Conceptualization is the process by which raw ideas or phenomena are structured and organized into abstract concepts, enabling better understanding, modeling, and manipulation within artificial intelligence (AI) systems. It involves identifying, defining, and formalizing key entities, relationships, and properties of a domain, thus facilitating the creation of coherent cognitive or computational models. Conceptualization stands apart from approaches like classification or mere data extraction by creating rich, reusable semantic representations.

Use cases and examples

Conceptualization is used in building ontologies for the semantic web, developing knowledge bases, and modeling complex domains (healthcare, finance, industry). For instance, in voice assistants, it links natural language commands to precise computational actions. In computer vision, it helps translate detected objects into manipulable concepts for high-level reasoning.

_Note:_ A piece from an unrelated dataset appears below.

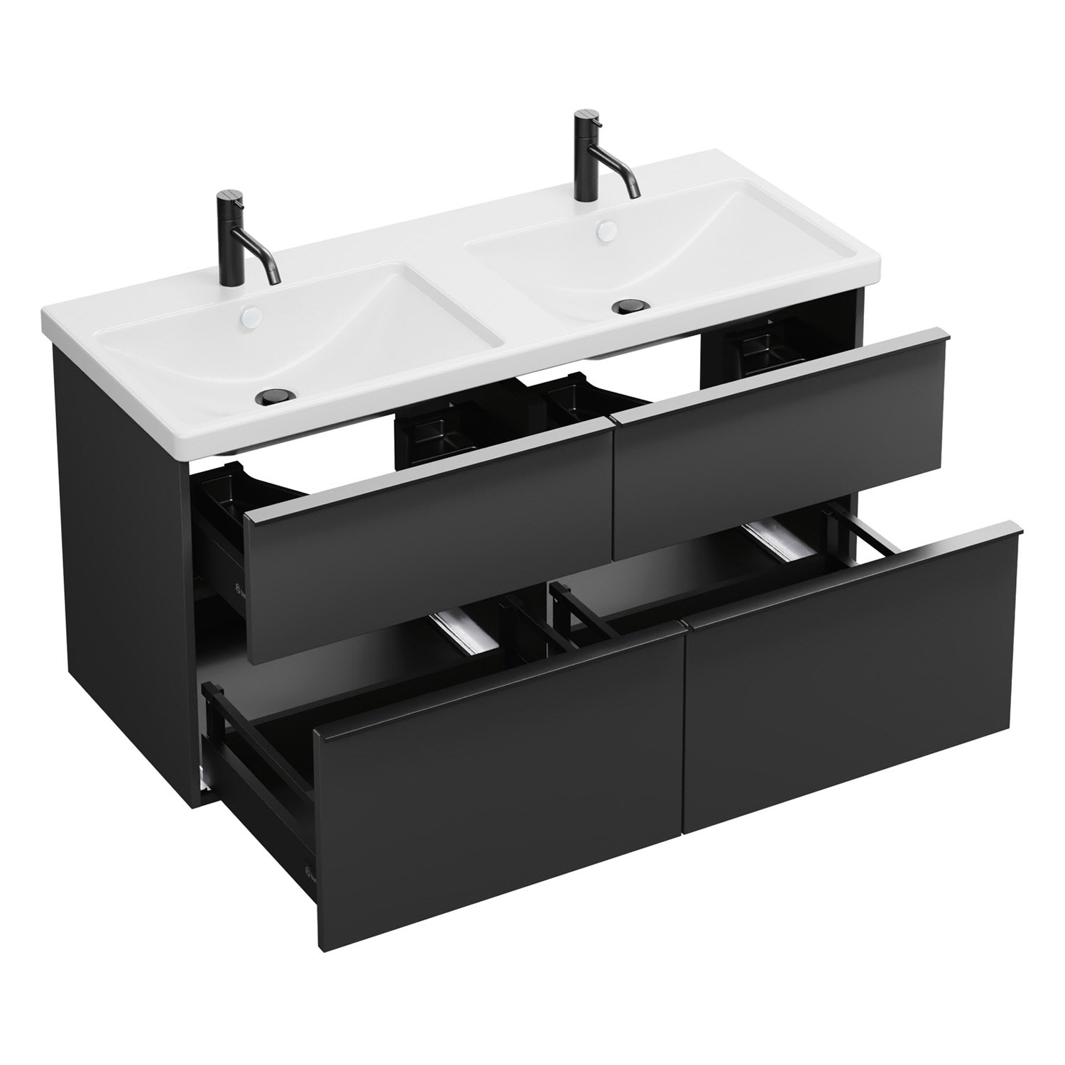 - 2 Schubladen oben, 35 cm tief, mit Siphonausschnitt und Inneneinteilung

Main software tools, libraries, frameworks

Notable tools for conceptualization include Protégé (for OWL ontology editing), WebProtégé, TopBraid Composer, as well as frameworks like Apache Jena (Java) and Owlready2 (Python). These tools facilitate the creation, management, and exploitation of concepts in automated or collaborative systems.

Recent developments, evolutions, and trends

Recent advances focus on partially automating conceptualization via machine learning, particularly extracting concepts from unstructured texts or large knowledge graphs. Integration with large language models (LLMs) is enabling dynamic and evolving conceptualizations, suitable for rapidly changing domains.